"""

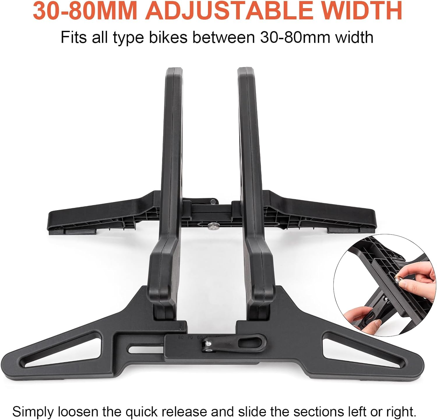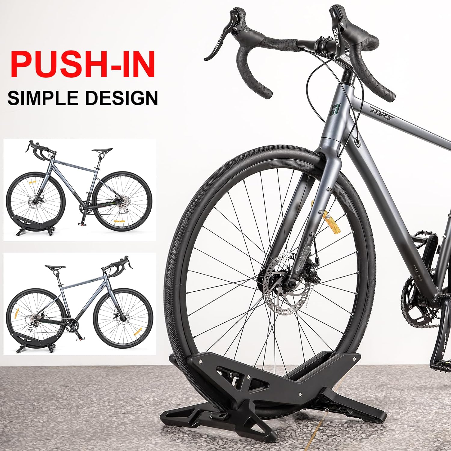 The bike stand is made of ABS material as a whole, despite its small footprint, the stand to be impressively stable with rubber feet that keep it nice and steady.
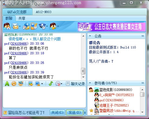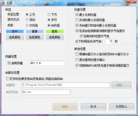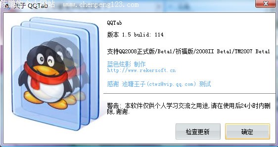 让QQ聊天窗口像Maxthon那样以标签方式存在的小软件。这是到目前为止最大的一次更新,加入了很多新特性,比如:右键+滚轮切换标签。同时,修复了1.3、1.4频繁出现崩溃的问题。另外多了一个 QQTab.dll,这是一个辅助dll,用来获得鼠标的相关信息,国内有些杀毒软件可能会报病毒,纯属误报。还是那句老话,如果您认为杀毒软件的建议是 正确的,您有权拒绝使用本软件,谢谢。花了我好多心血,希望大家喜欢。
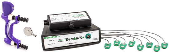 Muscle activity was recorded using an eight-channel sEMG device from Biometrics Ltd., sampling at 1000 Hz. Integral dry reusable sEMG electrodes (SX230) were employed, featuring a gain of 1000, a bandwidth ranging from 20 Hz to 460 Hz, and noise levels below 5 µV. Grasp effort was measured using hand grip and pinch dynamometers (Figure 2) also from Biometrics Ltd. Signals from the sEMG electrodes and dynamometers were synchronized using the provided Biometrics software version 11.02.
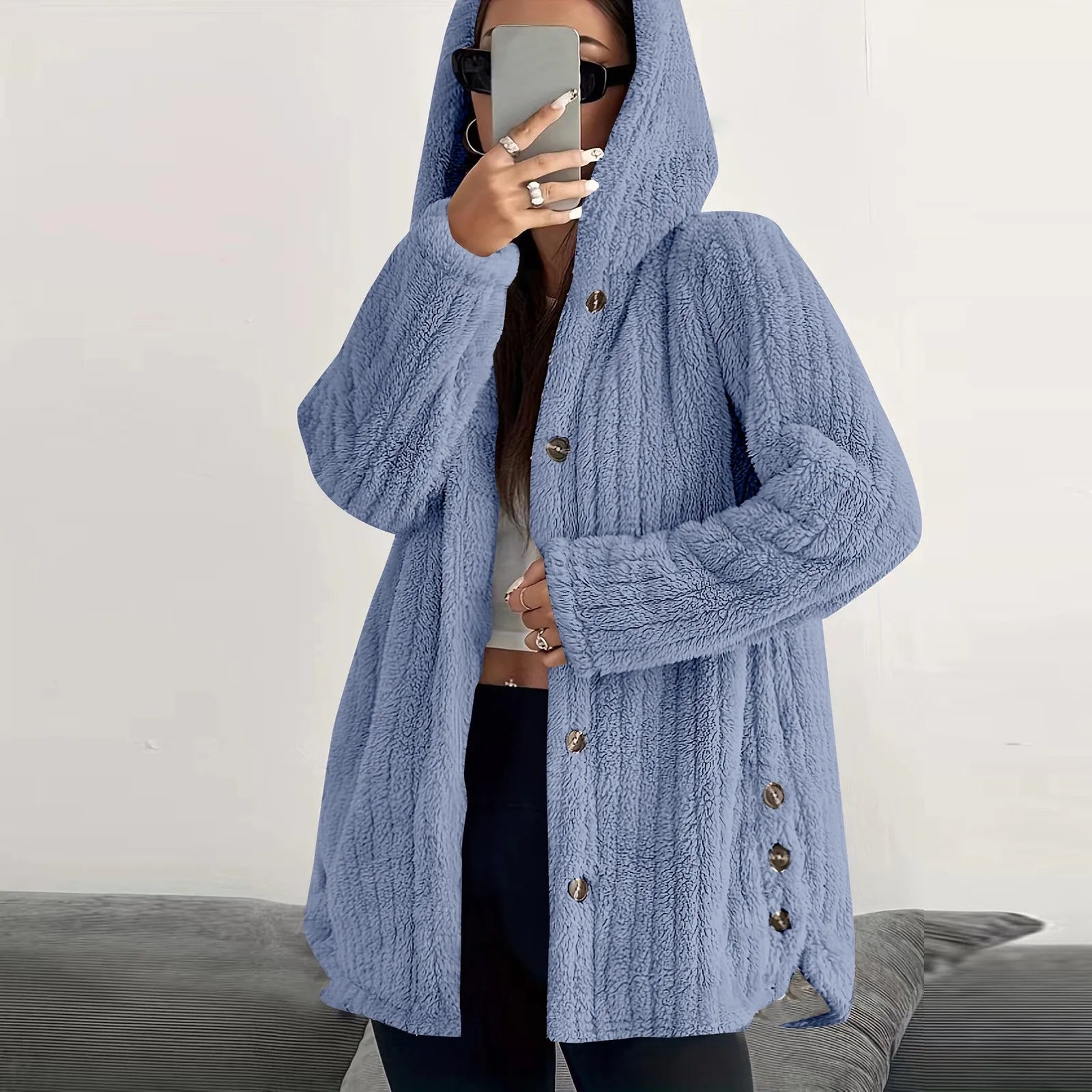 Button Hooded Jacket Plush Top Irregular Trendy Brand Solid Color Jacket For Women
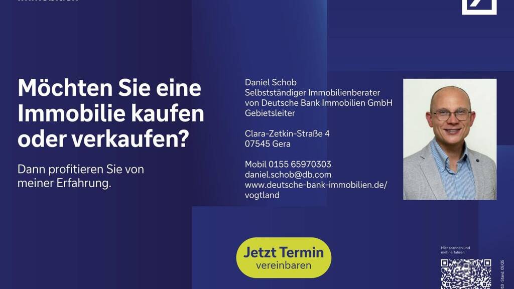 Rechtlicher Hinweis auf den Urheber des Exposés Daniel Schob Selbstständiger Immobilienberater Nordsiedlung 41 06712 Zeitz E-Mail: daniel.schob@db.com Telefon: 0155 65970303
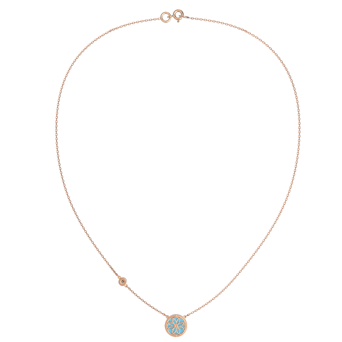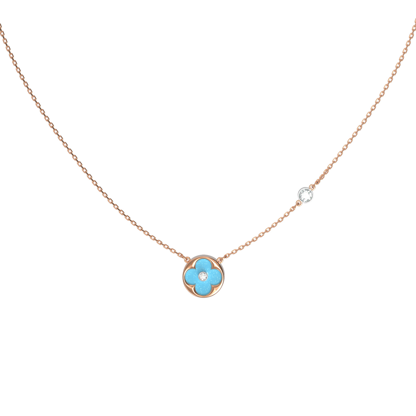 В центре композиции расположена бирюза небесно-голубого цвета, эффектно дополненная сияющим бриллиантом. Общее количество вставок составляет 6 штук, среди которых представлены как круглые бриллианты белого цвета, так и выразительные вставки бирюзового оттенка. Такое сочетание материалов придает колье особую эстетику и глубину.
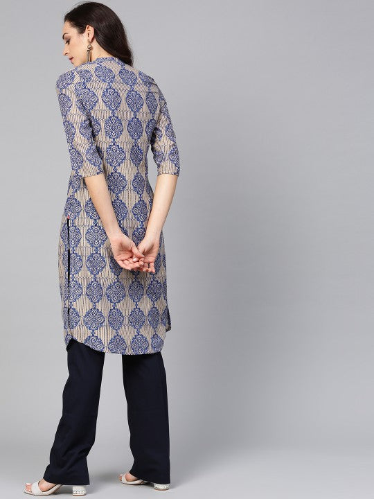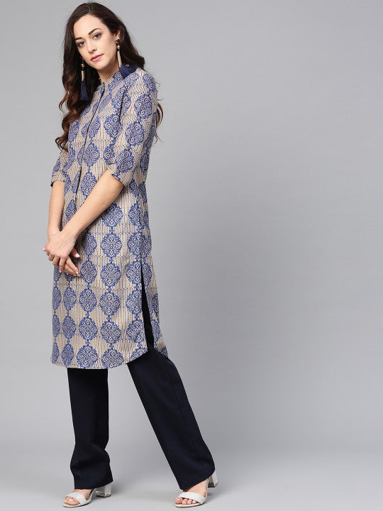 - Beige and blue printed straight kurta, has a mandarin collar with half button placket, three-quarter sleeves, curved hem, side slits
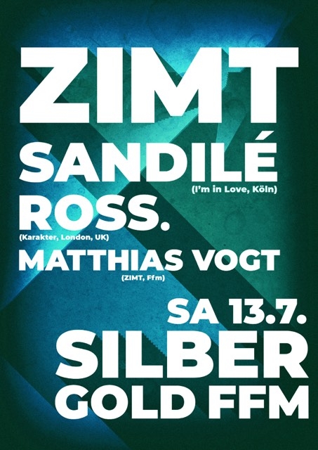 Ross. kommt aus London, ist Tontechniker und lebt abwechselnd in London, Frankfurt, Amsterdam und überall wo sein Hut gerade ist. Als Freund der Familie spielt er zum ersten Mal bei ZIMT, er bestreitet das Opening. Den Abschluss bildet traditionell ZIMT Housemeister Matthias Vogt, der den nach vorne gehenden Sound von Ross, sowie die tiefen Frequenzen von Sandilé mit seiner Definition von House abrunden wird. Seine neuen Releases auf Suol und Polytone hat er sicherlich mit im Gepäck. Es wird wieder ZIMT!

"""

Task requirements:
Return the data exactly. Pictures stay out.

Task solution:
 The bike stand is made of ABS material as a whole, despite its small footprint, the stand to be impressively stable with rubber feet that keep it nice and steady.
 让QQ聊天窗口像Maxthon那样以标签方式存在的小软件。这是到目前为止最大的一次更新,加入了很多新特性,比如:右键+滚轮切换标签。同时,修复了1.3、1.4频繁出现崩溃的问题。另外多了一个 QQTab.dll,这是一个辅助dll,用来获得鼠标的相关信息,国内有些杀毒软件可能会报病毒,纯属误报。还是那句老话,如果您认为杀毒软件的建议是 正确的,您有权拒绝使用本软件,谢谢。花了我好多心血,希望大家喜欢。
 Muscle activity was recorded using an eight-channel sEMG device from Biometrics Ltd., sampling at 1000 Hz. Integral dry reusable sEMG electrodes (SX230) were employed, featuring a gain of 1000, a bandwidth ranging from 20 Hz to 460 Hz, and noise levels below 5 µV. Grasp effort was measured using hand grip and pinch dynamometers (Figure 2) also from Biometrics Ltd. Signals from the sEMG electrodes and dynamometers were synchronized using the provided Biometrics software version 11.02.
 Button Hooded Jacket Plush Top Irregular Trendy Brand Solid Color Jacket For Women
 Rechtlicher Hinweis auf den Urheber des Exposés Daniel Schob Selbstständiger Immobilienberater Nordsiedlung 41 06712 Zeitz E-Mail: daniel.schob@db.com Telefon: 0155 65970303
 В центре композиции расположена бирюза небесно-голубого цвета, эффектно дополненная сияющим бриллиантом. Общее количество вставок составляет 6 штук, среди которых представлены как круглые бриллианты белого цвета, так и выразительные вставки бирюзового оттенка. Такое сочетание материалов придает колье особую эстетику и глубину.
 - Beige and blue printed straight kurta, has a mandarin collar with half button placket, three-quarter sleeves, curved hem, side slits
 Ross. kommt aus London, ist Tontechniker und lebt abwechselnd in London, Frankfurt, Amsterdam und überall wo sein Hut gerade ist. Als Freund der Familie spielt er zum ersten Mal bei ZIMT, er bestreitet das Opening. Den Abschluss bildet traditionell ZIMT Housemeister Matthias Vogt, der den nach vorne gehenden Sound von Ross, sowie die tiefen Frequenzen von Sandilé mit seiner Definition von House abrunden wird. Seine neuen Releases auf Suol und Polytone hat er sicherlich mit im Gepäck. Es wird wieder ZIMT!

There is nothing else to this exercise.